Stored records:
____________________

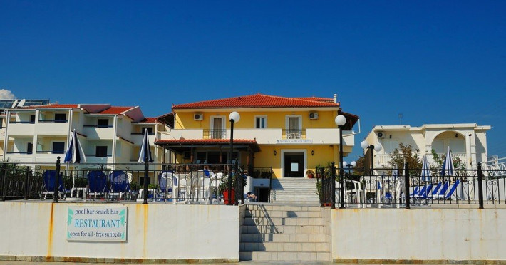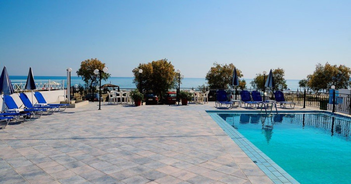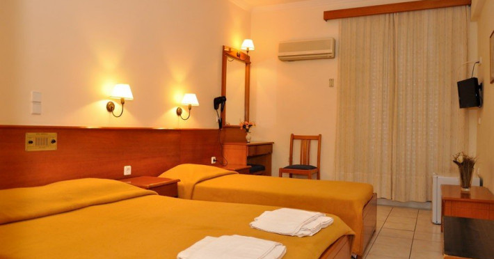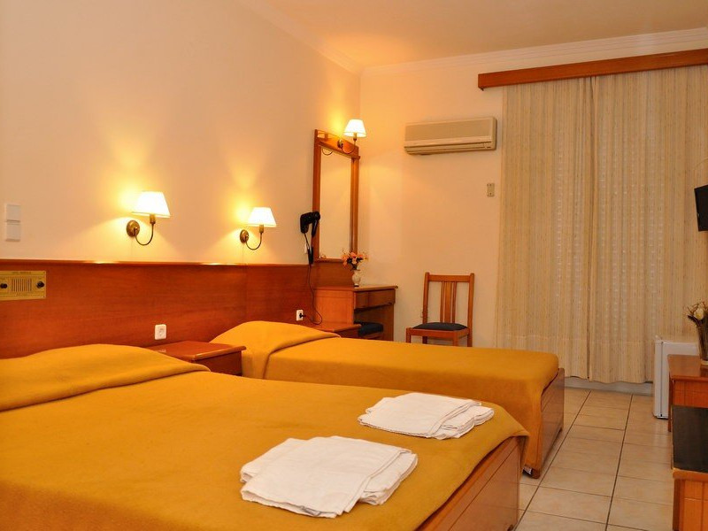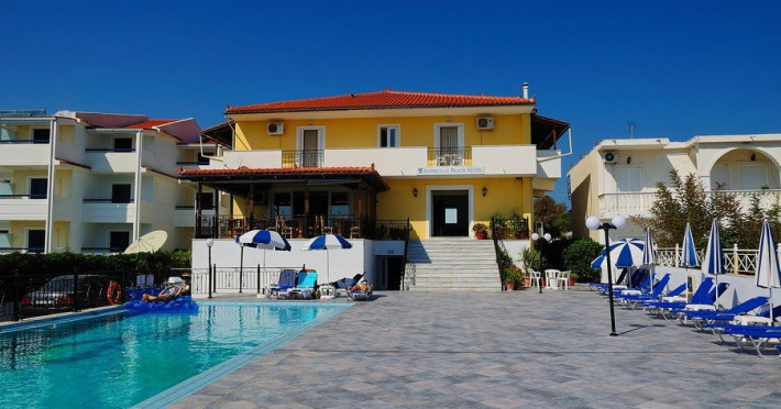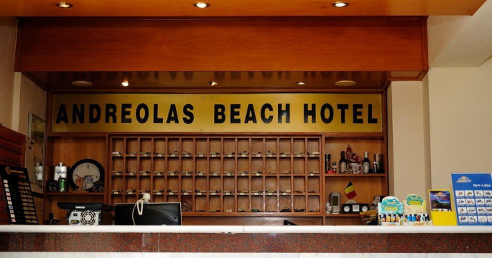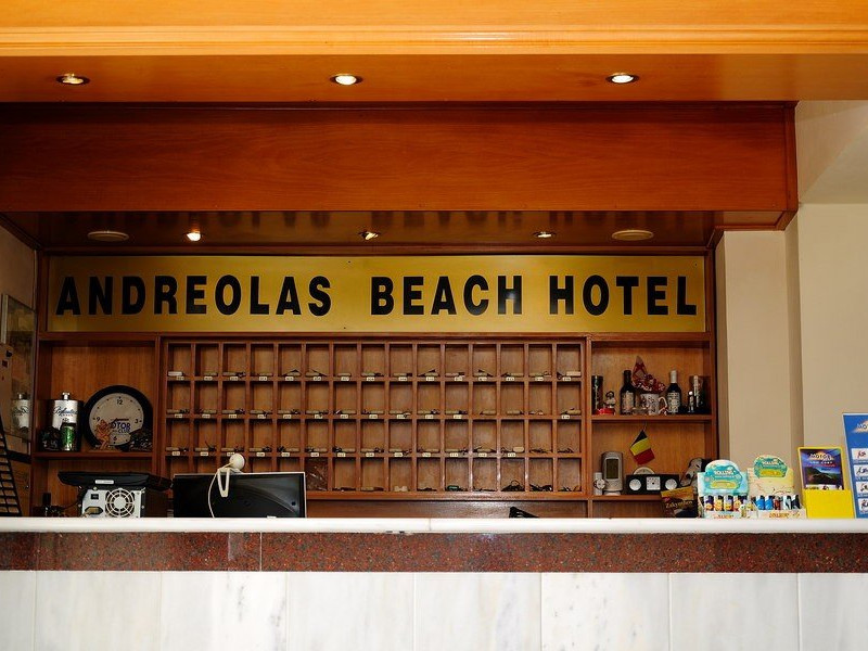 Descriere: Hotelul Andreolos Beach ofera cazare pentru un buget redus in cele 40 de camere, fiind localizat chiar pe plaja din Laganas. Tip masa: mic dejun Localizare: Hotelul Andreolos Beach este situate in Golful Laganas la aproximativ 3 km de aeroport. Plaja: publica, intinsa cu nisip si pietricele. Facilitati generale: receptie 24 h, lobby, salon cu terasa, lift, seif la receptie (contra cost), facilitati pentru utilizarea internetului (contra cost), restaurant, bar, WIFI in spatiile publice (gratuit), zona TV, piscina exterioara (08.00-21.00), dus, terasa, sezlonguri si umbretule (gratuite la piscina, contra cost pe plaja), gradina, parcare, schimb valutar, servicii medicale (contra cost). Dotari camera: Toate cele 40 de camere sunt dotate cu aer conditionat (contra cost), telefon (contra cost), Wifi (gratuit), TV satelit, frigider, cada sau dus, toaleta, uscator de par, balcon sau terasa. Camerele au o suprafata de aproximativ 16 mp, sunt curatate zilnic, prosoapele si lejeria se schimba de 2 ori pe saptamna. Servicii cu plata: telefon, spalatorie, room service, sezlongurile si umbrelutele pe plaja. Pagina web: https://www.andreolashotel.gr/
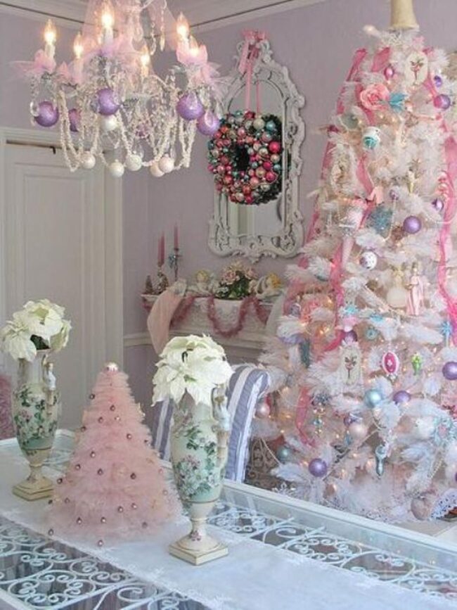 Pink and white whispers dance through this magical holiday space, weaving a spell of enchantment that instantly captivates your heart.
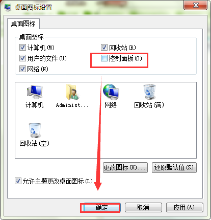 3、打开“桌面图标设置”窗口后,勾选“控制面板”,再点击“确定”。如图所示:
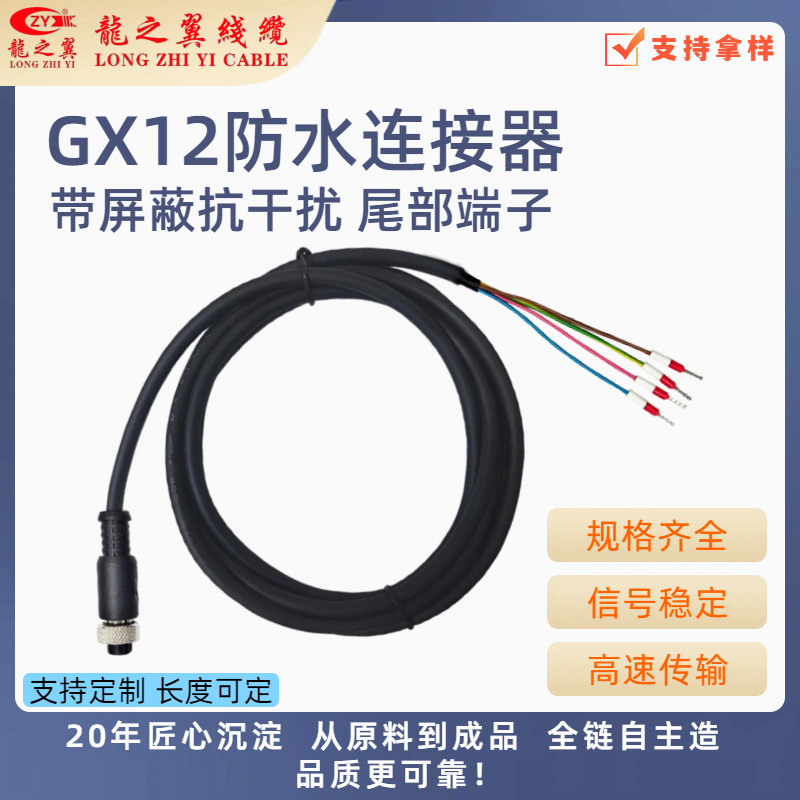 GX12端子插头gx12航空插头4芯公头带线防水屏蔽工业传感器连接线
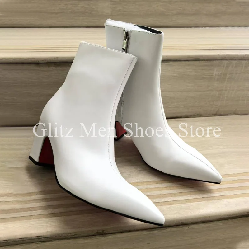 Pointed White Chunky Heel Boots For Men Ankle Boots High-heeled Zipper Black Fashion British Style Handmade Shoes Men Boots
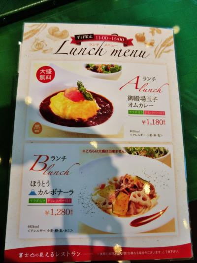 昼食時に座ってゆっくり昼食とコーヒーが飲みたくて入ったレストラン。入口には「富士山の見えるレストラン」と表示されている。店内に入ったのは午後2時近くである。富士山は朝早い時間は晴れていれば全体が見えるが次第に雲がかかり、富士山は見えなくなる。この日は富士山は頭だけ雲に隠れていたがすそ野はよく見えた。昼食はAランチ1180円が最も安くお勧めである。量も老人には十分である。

____________________

EXERCISE INSTRUCTIONS: Print every entry verbatim and leave all pictures out.

RESPONSE TO THE EXERCISE:
 Descriere: Hotelul Andreolos Beach ofera cazare pentru un buget redus in cele 40 de camere, fiind localizat chiar pe plaja din Laganas. Tip masa: mic dejun Localizare: Hotelul Andreolos Beach este situate in Golful Laganas la aproximativ 3 km de aeroport. Plaja: publica, intinsa cu nisip si pietricele. Facilitati generale: receptie 24 h, lobby, salon cu terasa, lift, seif la receptie (contra cost), facilitati pentru utilizarea internetului (contra cost), restaurant, bar, WIFI in spatiile publice (gratuit), zona TV, piscina exterioara (08.00-21.00), dus, terasa, sezlonguri si umbretule (gratuite la piscina, contra cost pe plaja), gradina, parcare, schimb valutar, servicii medicale (contra cost). Dotari camera: Toate cele 40 de camere sunt dotate cu aer conditionat (contra cost), telefon (contra cost), Wifi (gratuit), TV satelit, frigider, cada sau dus, toaleta, uscator de par, balcon sau terasa. Camerele au o suprafata de aproximativ 16 mp, sunt curatate zilnic, prosoapele si lejeria se schimba de 2 ori pe saptamna. Servicii cu plata: telefon, spalatorie, room service, sezlongurile si umbrelutele pe plaja. Pagina web: https://www.andreolashotel.gr/
 Pink and white whispers dance through this magical holiday space, weaving a spell of enchantment that instantly captivates your heart.
 3、打开“桌面图标设置”窗口后,勾选“控制面板”,再点击“确定”。如图所示:
 GX12端子插头gx12航空插头4芯公头带线防水屏蔽工业传感器连接线
 Pointed White Chunky Heel Boots For Men Ankle Boots High-heeled Zipper Black Fashion British Style Handmade Shoes Men Boots
 昼食時に座ってゆっくり昼食とコーヒーが飲みたくて入ったレストラン。入口には「富士山の見えるレストラン」と表示されている。店内に入ったのは午後2時近くである。富士山は朝早い時間は晴れていれば全体が見えるが次第に雲がかかり、富士山は見えなくなる。この日は富士山は頭だけ雲に隠れていたがすそ野はよく見えた。昼食はAランチ1180円が最も安くお勧めである。量も老人には十分である。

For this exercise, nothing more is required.